Affichage des articles dont le libellé est Dom Robert. Afficher tous les articles
Affichage des articles dont le libellé est Dom Robert. Afficher tous les articles

mercredi 18 juillet 2007

Le portrait d'un oiseau. Dom Robert (suite...)


"Peindre d'abord une cage avec une porte ouverte,
Peindre ensuite quelque chose de joli, de simple et de beau,
Placer ensuite la toile contre un arbre ou dans un jardin.

Se cacher derrière l'arbre, silencieusement sans bouger...
Parfois l'oiseau arrive vite, ou bien des années après,
Ne pas se décourager : attendre.

Si l'oiseau arrive, attendre que l'oiseau pénètre dans sa cage,
fermer alors tout doucement la porte avec le pinceau,
Puis effacer un à un tous les barreaux... Peindre ensuite le
vert feuillage, la fraîcheur du vent, la poussière du soleil,
le bruit des bêtes, de l'herbe dans la chaleur de l'été.
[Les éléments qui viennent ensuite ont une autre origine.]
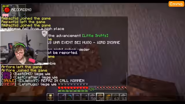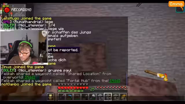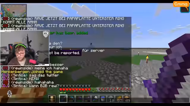 02:45:31Die Spieler konzentrieren sich auf das Management ihrer Villager, insbesondere der "Fortune"- und "Mending"-Villager, die in Kammern untergebracht werden sollen. Es wird diskutiert, ob es notwendig ist, überall Karottentrader zu platzieren, und man kommt zu dem Schluss, dass vier bis fünf ausreichen sollten. Hugo kommt hinzu und äußert seinen Frust über eine kalte Pizza Margarita, die er bestellt hat. Er ist enttäuscht, da er sich den ganzen Tag darauf gefreut hat. Die anderen Spieler reagieren mit Humor und Spott auf seine Beschwerde. Die Diskussion wechselt zu Musikgeschmack, wobei Hugo Techno ablehnt und lieber Songs hören möchte, bei denen man mitsingen kann, wie "Last Friday Night" von Katy Perry. Er kündigt ein "Mini-Event" in etwa einer Stunde an, ein Musical, was von den anderen Spielern belächelt und als "kleine Attraktion" abgetan wird, da es kein echtes Event sei, nur weil man ins Mikrofon schreit und Disney-Songs singt.
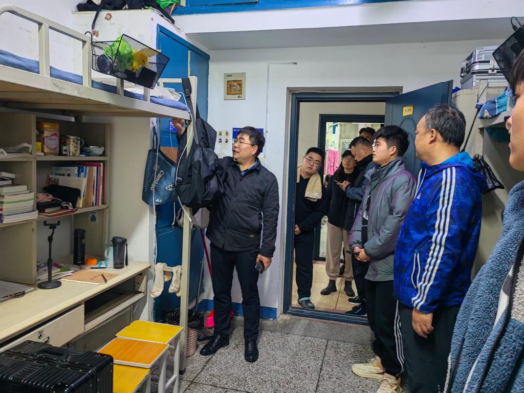 軒照振一行對(duì)宿舍安全、內(nèi)務(wù)衛(wèi)生等方面進(jìn)行了細(xì)致檢查,重點(diǎn)對(duì)使用違規(guī)電器、私拉亂接插線板、未及時(shí)關(guān)閉電源等用電安全隱患逐項(xiàng)排查,對(duì)存在的問題現(xiàn)場(chǎng)提出整改意見,要求限時(shí)整改到位,同時(shí)詳細(xì)詢問學(xué)生的學(xué)習(xí)、生活情況,了解思想動(dòng)態(tài),解決實(shí)際問題,并對(duì)學(xué)生開展安全教育,增強(qiáng)安全風(fēng)險(xiǎn)意識(shí)。
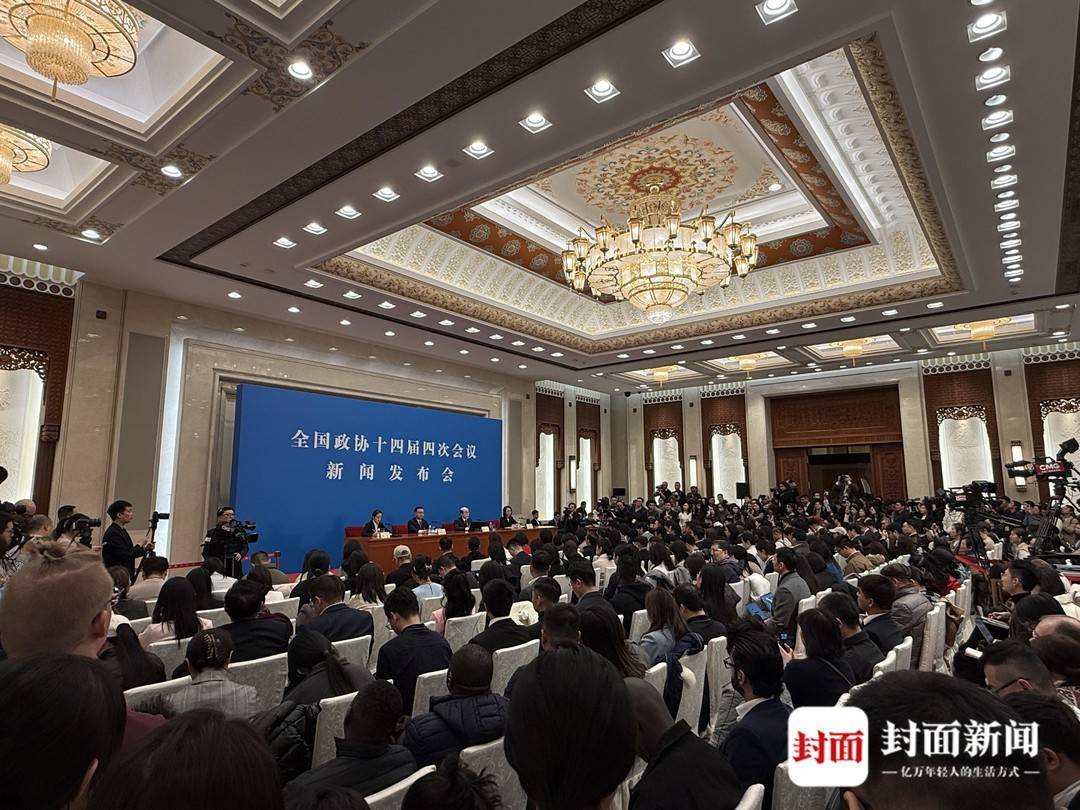 當(dāng)日下午,全國(guó)政協(xié)十四屆四次會(huì)議舉行首場(chǎng)新聞發(fā)布會(huì)。作為每年全國(guó)兩會(huì)的首場(chǎng)新聞發(fā)布活動(dòng),每年政協(xié)首場(chǎng)新聞發(fā)布會(huì)都備受關(guān)注。封面新聞?dòng)浾咴诂F(xiàn)場(chǎng)注意到,下午兩點(diǎn),人民大會(huì)堂東門(mén)外已排起數(shù)百米的長(zhǎng)隊(duì),新聞發(fā)布廳內(nèi)一座難求。
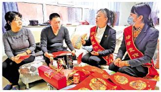 康妍宣和同事们一起,将带来的宪法、民法典读本及法治春联递到村民手中。随后,他们结合群众关心的借贷、婚姻、继承等话题,把法言法语变成大白话,用群众身边的事情举例,讲道理、说法理,讲解了民间借贷、离婚冷静期、夫妻共同债务等法律知识。
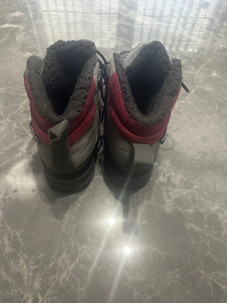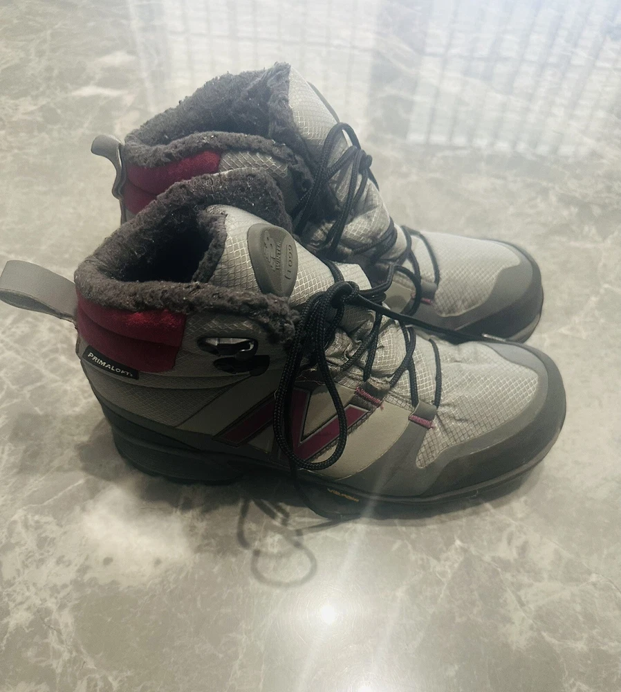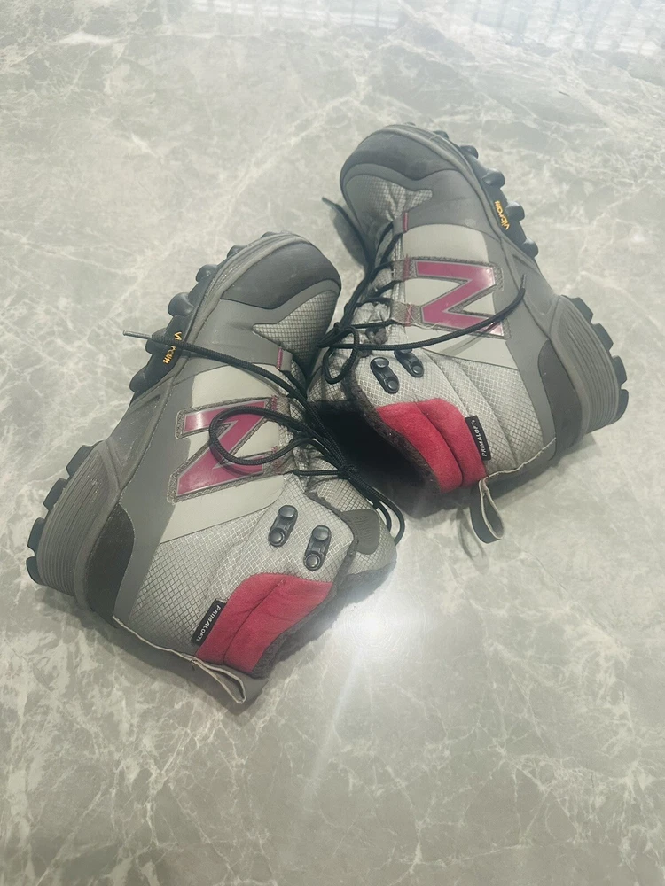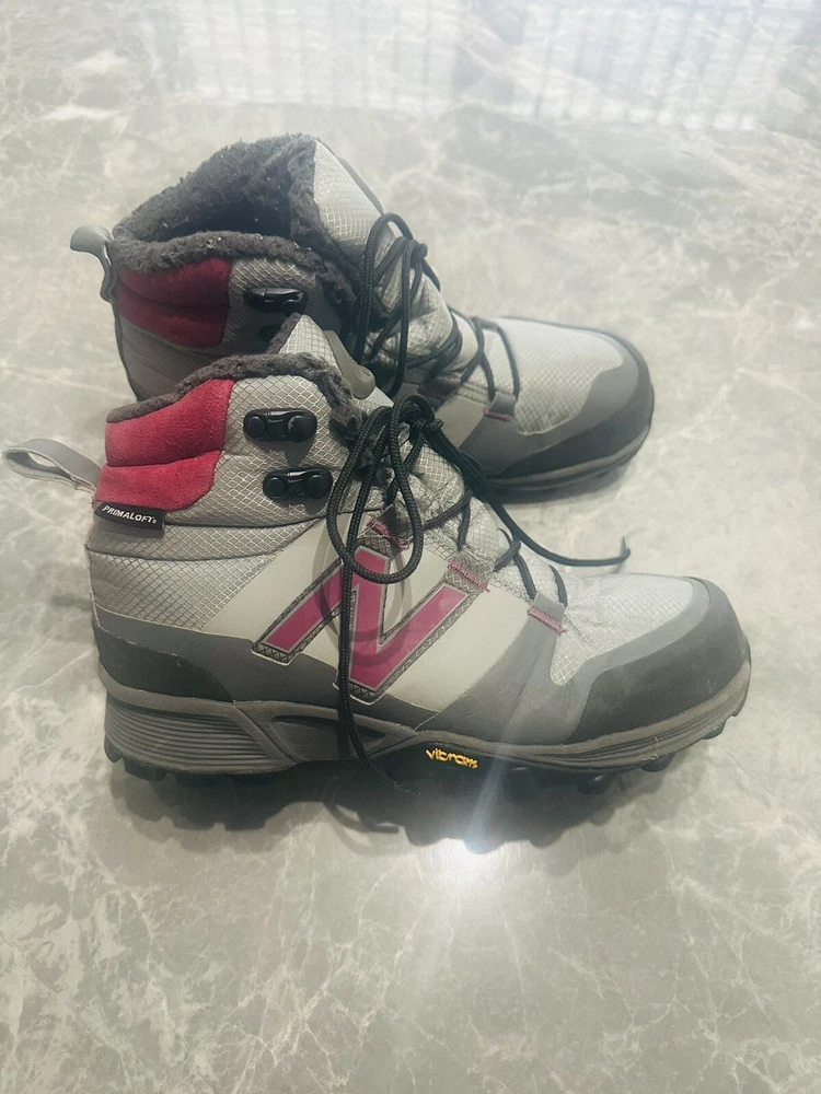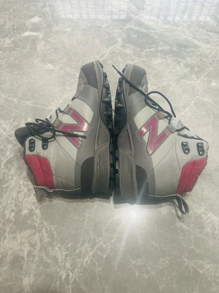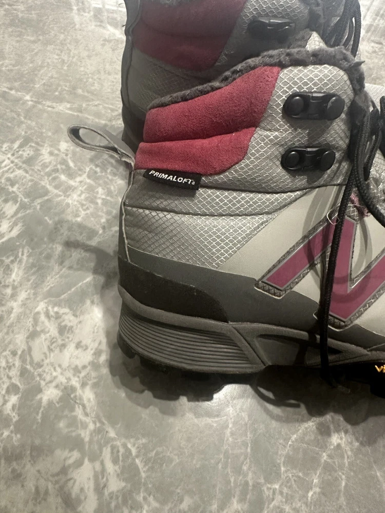 These New Balance Women's Hiking Boots are designed for winter wear, featuring a waterproof cotton blend upper material in a stylish gray color with pink accents. The boots have a round toe shape and lace-up closure for a secure fit, with a faux fur lining for added warmth and comfort. With a flat heel style and Primaloft insulation, these boots are suitable for outdoor activities like hiking and travel, as well as casual everyday wear. Available in US size 8.5, these boots offer both style and functionality for the colder months.

Si l'oiseau chante c'est bon signe, vous pouvez alors signer le
tableau en arrachant tout doucement une des plumes de l'oiseau
et vous écrivez votre nom dans un coin du tableau."

Jacques Prévert
(Paroles - Lettres à Elsa Henriquez)

mardi 17 juillet 2007

A Dieu par les canards...


Il le dit lui même Dom Robert : "Il y en a d'autres qui font différemment, des icônes, des sculptures, d'autres choses, moi pas du tout, je fais... un canard par exemple, et le canard est le chemin qui peut nous conduire, véritable prière, vers une contemplation, une louange."
Plonger ses yeux au coeur des tapisseries de ce moine est un voyage dont on revient chargé de couleurs dansantes, de végétations luxuriantes, de chevaux malins, de coqs aux regards étonnés sous une touffe de plumes ébouriffées. Et les canards ! Sous l'oeil vert et perçant d'un chat un peu filou, ils semblent donner du relief au temps, à la lumière.
Une belle basse cour pour un long chemin...
Au fur et à mesure que la contemplation s'approfondit, le spectateur (mais est-il seulement spectateur ?) discerne des choses derrière les choses, une réalité derrière la réalité. Oiseaux, chevaux et chats introduisent à un autre émerveillement. Les tapisseries de Dom Robert sont claires : elles laissent passer la lumière comme un vitrail et nous introduisent dans cette lumière.
"Cette lumière était la véritable lumière, qui, en venant dans le monde, éclaire tout homme. Elle était dans le monde, et le monde a été fait par elle." Jn 1, 9-10.
Il est bien là le miracle de l'art, nous faire entrevoir l'invisible à partir de ce que nous pouvons appréhender, à partir de ce qui est le plus ordinaire - quoi de plus ordinaire qu'un canard ? Par ses tapisseries, Dom Robert rejoint les spirituels qui au coeur de leur existence ont eu avec le Christ une proximité telle qu'ils avaient "les yeux dans les siens, la pensée hantée par lui, l'âme pleine de son âme, pleine de sa prière..." Non contents de faire cette expérience, ils nous la proposent comme un cadeau sans prix.
Bonne contemplation !



NB : Exposition Dom Robert au musée départemental d'Aubusson (Creuse) jusqu'à fin décembre 2007.